* **TASK STATEMENT**
Search the entries below for the word "code" and copy every line where it appears.

* **PROVIDED MATERIAL**
╭──

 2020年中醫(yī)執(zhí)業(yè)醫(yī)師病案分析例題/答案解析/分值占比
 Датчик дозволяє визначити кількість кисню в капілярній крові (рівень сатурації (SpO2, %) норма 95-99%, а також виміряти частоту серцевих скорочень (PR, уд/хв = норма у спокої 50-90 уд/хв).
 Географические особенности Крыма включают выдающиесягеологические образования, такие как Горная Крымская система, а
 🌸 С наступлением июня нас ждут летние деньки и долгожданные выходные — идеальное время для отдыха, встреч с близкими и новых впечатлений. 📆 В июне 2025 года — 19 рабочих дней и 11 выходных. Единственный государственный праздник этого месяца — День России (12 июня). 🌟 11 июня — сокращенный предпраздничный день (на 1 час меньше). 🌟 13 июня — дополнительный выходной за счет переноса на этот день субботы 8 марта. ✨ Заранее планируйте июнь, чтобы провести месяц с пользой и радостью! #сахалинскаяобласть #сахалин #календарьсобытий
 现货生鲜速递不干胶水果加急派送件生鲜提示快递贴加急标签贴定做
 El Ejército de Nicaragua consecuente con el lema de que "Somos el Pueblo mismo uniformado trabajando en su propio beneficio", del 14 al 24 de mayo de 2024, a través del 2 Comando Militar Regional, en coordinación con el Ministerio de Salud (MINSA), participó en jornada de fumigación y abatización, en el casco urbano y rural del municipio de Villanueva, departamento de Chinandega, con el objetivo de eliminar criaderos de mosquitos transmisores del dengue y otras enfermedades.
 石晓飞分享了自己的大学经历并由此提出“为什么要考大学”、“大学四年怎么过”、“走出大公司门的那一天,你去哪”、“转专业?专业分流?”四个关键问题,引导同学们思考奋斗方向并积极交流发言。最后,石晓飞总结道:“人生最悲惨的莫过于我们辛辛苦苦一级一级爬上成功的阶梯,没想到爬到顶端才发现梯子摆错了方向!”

╰──
╭──

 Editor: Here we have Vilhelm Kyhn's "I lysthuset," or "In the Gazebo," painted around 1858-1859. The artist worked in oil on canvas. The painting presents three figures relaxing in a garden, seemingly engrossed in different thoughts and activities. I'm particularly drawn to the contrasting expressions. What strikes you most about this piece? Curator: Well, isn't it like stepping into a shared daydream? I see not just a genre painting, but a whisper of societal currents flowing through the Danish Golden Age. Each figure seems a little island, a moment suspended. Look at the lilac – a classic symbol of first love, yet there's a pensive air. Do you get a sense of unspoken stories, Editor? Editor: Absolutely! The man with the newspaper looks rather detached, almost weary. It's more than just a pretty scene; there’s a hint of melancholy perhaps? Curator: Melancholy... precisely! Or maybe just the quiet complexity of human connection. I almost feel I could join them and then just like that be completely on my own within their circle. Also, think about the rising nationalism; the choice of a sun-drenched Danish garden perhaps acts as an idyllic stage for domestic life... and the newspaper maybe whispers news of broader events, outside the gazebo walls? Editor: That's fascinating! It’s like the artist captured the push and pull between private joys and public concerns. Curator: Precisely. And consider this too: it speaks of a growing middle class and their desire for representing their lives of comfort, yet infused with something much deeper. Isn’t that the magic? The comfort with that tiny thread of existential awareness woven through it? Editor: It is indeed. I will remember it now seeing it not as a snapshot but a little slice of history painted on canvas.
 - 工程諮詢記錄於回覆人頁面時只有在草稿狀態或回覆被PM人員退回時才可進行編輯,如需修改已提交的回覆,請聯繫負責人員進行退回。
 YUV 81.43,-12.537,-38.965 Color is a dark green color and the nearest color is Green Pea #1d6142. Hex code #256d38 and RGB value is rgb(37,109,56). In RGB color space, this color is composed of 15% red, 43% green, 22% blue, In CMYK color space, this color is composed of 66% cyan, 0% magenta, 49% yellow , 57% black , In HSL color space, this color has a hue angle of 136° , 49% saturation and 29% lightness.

╰──
╭──

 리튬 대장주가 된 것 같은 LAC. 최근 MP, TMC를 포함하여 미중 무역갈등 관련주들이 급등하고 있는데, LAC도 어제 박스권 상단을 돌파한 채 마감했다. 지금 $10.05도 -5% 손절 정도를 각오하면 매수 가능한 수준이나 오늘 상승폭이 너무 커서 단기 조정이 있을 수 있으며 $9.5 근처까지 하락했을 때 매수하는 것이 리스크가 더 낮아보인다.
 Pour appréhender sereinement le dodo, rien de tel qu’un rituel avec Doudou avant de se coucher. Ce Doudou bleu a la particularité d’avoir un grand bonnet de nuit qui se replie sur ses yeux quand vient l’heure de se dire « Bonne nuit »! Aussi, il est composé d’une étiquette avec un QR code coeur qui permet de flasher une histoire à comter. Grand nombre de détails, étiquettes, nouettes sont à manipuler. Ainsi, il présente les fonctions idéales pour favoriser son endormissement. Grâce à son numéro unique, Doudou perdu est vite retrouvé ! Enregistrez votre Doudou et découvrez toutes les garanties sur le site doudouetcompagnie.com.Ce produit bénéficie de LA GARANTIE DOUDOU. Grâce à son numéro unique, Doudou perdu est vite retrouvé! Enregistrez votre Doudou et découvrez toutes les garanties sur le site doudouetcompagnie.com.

╰──

* **ANSWER**
 YUV 81.43,-12.537,-38.965 Color is a dark green color and the nearest color is Green Pea #1d6142. Hex code #256d38 and RGB value is rgb(37,109,56). In RGB color space, this color is composed of 15% red, 43% green, 22% blue, In CMYK color space, this color is composed of 66% cyan, 0% magenta, 49% yellow , 57% black , In HSL color space, this color has a hue angle of 136° , 49% saturation and 29% lightness.
 Pour appréhender sereinement le dodo, rien de tel qu’un rituel avec Doudou avant de se coucher. Ce Doudou bleu a la particularité d’avoir un grand bonnet de nuit qui se replie sur ses yeux quand vient l’heure de se dire « Bonne nuit »! Aussi, il est composé d’une étiquette avec un QR code coeur qui permet de flasher une histoire à comter. Grand nombre de détails, étiquettes, nouettes sont à manipuler. Ainsi, il présente les fonctions idéales pour favoriser son endormissement. Grâce à son numéro unique, Doudou perdu est vite retrouvé ! Enregistrez votre Doudou et découvrez toutes les garanties sur le site doudouetcompagnie.com.Ce produit bénéficie de LA GARANTIE DOUDOU. Grâce à son numéro unique, Doudou perdu est vite retrouvé! Enregistrez votre Doudou et découvrez toutes les garanties sur le site doudouetcompagnie.com.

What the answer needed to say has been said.